→ Problem to solve: What are the lines below, starting at the line containing "Achtung: Wer ein" and ending at the line containing "羽色分明豔麗的七彩文鳥,其分"? Write them out exactly, ends included, without pictures.

→ Input for this task:
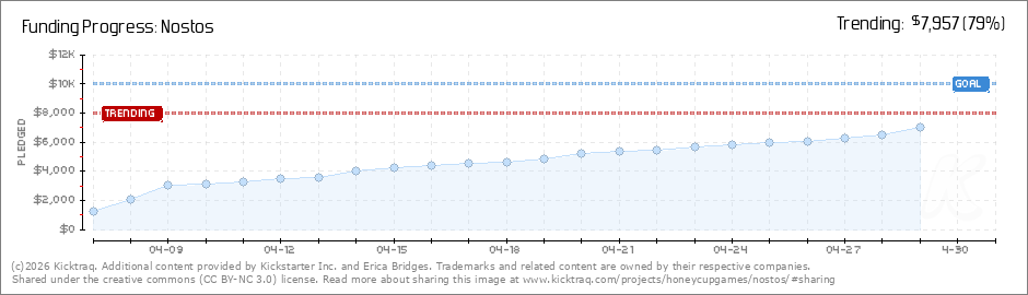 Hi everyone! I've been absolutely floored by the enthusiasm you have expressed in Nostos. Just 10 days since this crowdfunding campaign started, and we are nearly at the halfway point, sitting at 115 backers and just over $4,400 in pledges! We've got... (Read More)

--

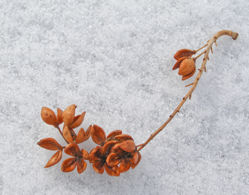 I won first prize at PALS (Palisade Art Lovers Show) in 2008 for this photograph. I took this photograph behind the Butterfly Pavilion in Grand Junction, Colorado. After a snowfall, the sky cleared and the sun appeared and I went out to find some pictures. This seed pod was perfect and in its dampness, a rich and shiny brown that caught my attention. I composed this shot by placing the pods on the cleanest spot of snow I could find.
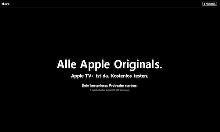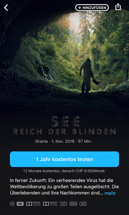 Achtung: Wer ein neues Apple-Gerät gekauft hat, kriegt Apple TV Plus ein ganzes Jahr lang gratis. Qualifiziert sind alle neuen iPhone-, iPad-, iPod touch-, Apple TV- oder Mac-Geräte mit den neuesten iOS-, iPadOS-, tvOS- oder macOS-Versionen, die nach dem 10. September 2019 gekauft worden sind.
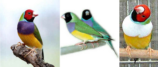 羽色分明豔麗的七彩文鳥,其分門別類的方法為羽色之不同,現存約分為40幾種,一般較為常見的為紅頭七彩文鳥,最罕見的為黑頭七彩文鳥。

--

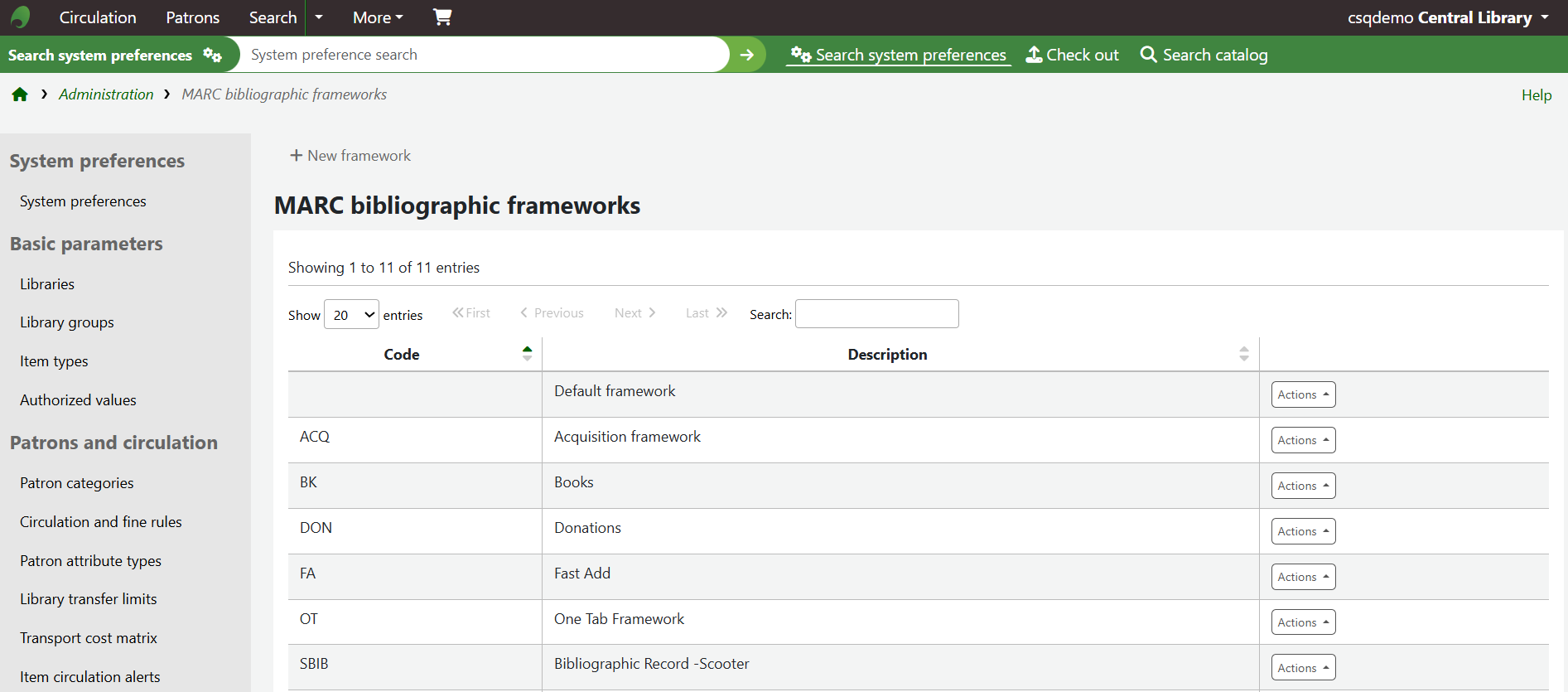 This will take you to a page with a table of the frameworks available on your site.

→ Written answer:
 Achtung: Wer ein neues Apple-Gerät gekauft hat, kriegt Apple TV Plus ein ganzes Jahr lang gratis. Qualifiziert sind alle neuen iPhone-, iPad-, iPod touch-, Apple TV- oder Mac-Geräte mit den neuesten iOS-, iPadOS-, tvOS- oder macOS-Versionen, die nach dem 10. September 2019 gekauft worden sind.
 羽色分明豔麗的七彩文鳥,其分門別類的方法為羽色之不同,現存約分為40幾種,一般較為常見的為紅頭七彩文鳥,最罕見的為黑頭七彩文鳥。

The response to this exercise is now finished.